A new peace training center in the Philippines that builds on the development work of longtime Mennonite Church Canada International Witness workers is set to celebrate its grand opening in November.
The Malipayon Peace Hub will provide peace and reconciliation training for churches, military leaders, local organizations and Indigenous communities and serve as the home for Coffee for Peace, an agriculture development project that helps fund peace work.
The complex is the vision of Dann and Joji Pantoja, who have worked to build peace on the conflicted island of Mindanao since they arrived in 2006 after living in Canada for 20 years.
The Pantojas grew up in the Philippines, alongside a history of Spanish-Catholic colonialism and clashes between Muslims and Christians, communist activists and the government and Indigenous tribal uprisings.
Violence often pushed Indigenous groups into the hills, where it is harder to farm. Poverty fed antigovernment animosity. At least 2 million people have been displaced in Mindanao by five decades of fighting among six major armed groups.
Dann Pantoja became a student of Anabaptist peace theology after moving to Canada. He’d been an activist against the martial rule of dictator Ferdinand Marcos Sr.
“The woundedness of my self-perception as a ‘failed revolutionary’ and the healing process in my 20 years in Canada would be my qualification to explore serving the Creator and our people again,” he said.
The couple established the interfaith organization Peacebuilders Community Inc. in 2006 to share nonviolent peacebuilding and social justice principles with Christians and Muslims.
They also found they could build peace through coffee.
Mindanao’s mountains are ideal for growing coffee beans, but disruptions due to violence, poor plant varieties and unprocessed beans resulted in poor returns for growers. The Pantojas facilitated conflict mediation between communities in armed conflict by inviting leaders for dialogue over coffee.
Understanding between rivals emerged slowly, leading to invitations to other communities to have coffee together for peace.
Coffee for Peace developed into a growers’ cooperative with a processing and roasting facility that sells to buyers at fair prices. Orders are now shipping to Europe.
A three-year program trains growers on ecologically sustainable practices. A café in Davao City sells drinks directly to customers.
Coffee for Peace funds 75% of Peacebuilders Community’s budget. MC Canada funds the other 25%.

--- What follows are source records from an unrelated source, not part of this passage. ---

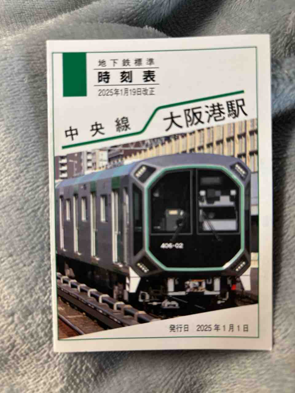 だと思われます。大阪港駅の近くには海遊館や天保山マーケットプレイスがあります。観光客はご存知ないと思いますが、大阪港駅からは【日本で2番目に低い山】として有名な『天保山』があります。『天保山』は一見こんもりした低い丘のように見えますがれっきとした山です。天保山の標高は僅か『4.53m』です。画像は大阪メトロ中央線の大阪港駅のポケット時刻表です。このポケット時刻表は大阪港駅の改札付近の券売機辺りや駅長室や改札室で入手可能です。
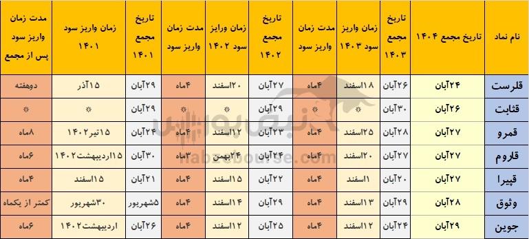 طبق جدول زیر، نمادهایی مانند قلرست، قپیرا، قمرو و وثوق از جمله شرکتهایی هستند که معمولاً سود سهامداران را در کمتر از ۴ ماه پس از مجمع واریز کردهاند.
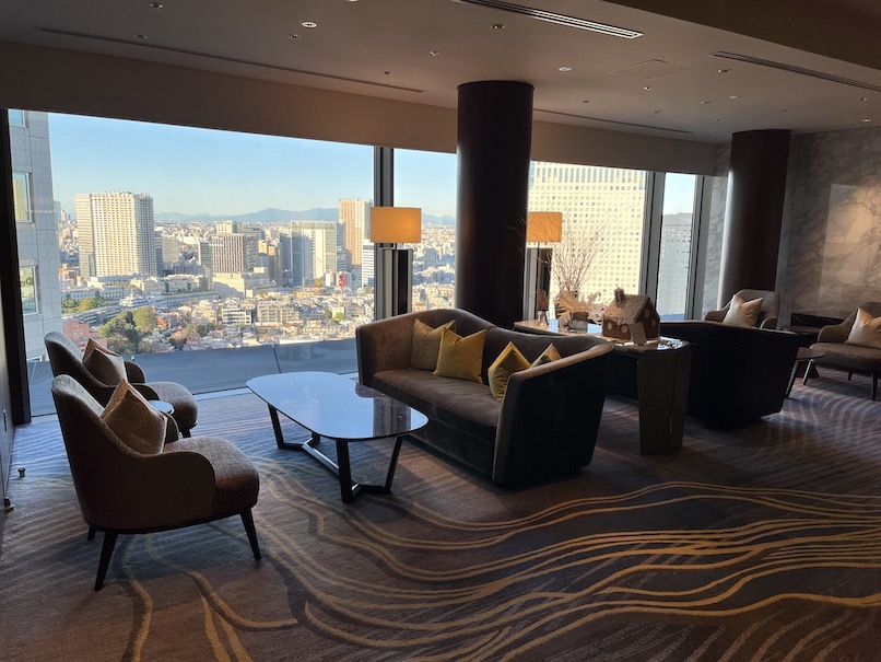 また、レセプションの脇にはソファー席が用意されています。一面が大きな窓になっており、高層階ならではの眺望を楽しめるようになっています。落ち着いた良い雰囲気ですね。
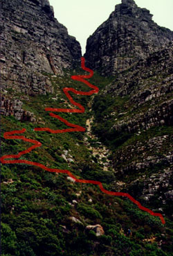This path takes you up Table Mountain via Skeleton Gorge. Please take note that it is a DIFFICULT and POTENTIALLY DANGEROUS climb, particularly in wet weather. Sections of the path are:

“I couldn’t imagine having a summary of my life printed on my tombstone as ‘Spent her life managing rich people’s money,’ ” said Joji Pantoja, Coffee for Peace CEO. “I want to be remembered as a person who walked with the people as they find dignity through sustainable economic development.”
Over the past year, MC Canada worked to raise $235,000 to construct the Malipayon Peace Hub. In addition to housing trainings, the facility includes upgraded processing for Coffee for Peace and a farmer training center, a new staff house and guest house, and a delivery vehicle.
The upgraded processing facility will enable U.S. Federal Department of Agriculture approval of operations, which is vital for accessing export markets. Increased production capacity is anticipated to replace MC Canada funding by 2026.
Mennonite Church Canada contributed to this report.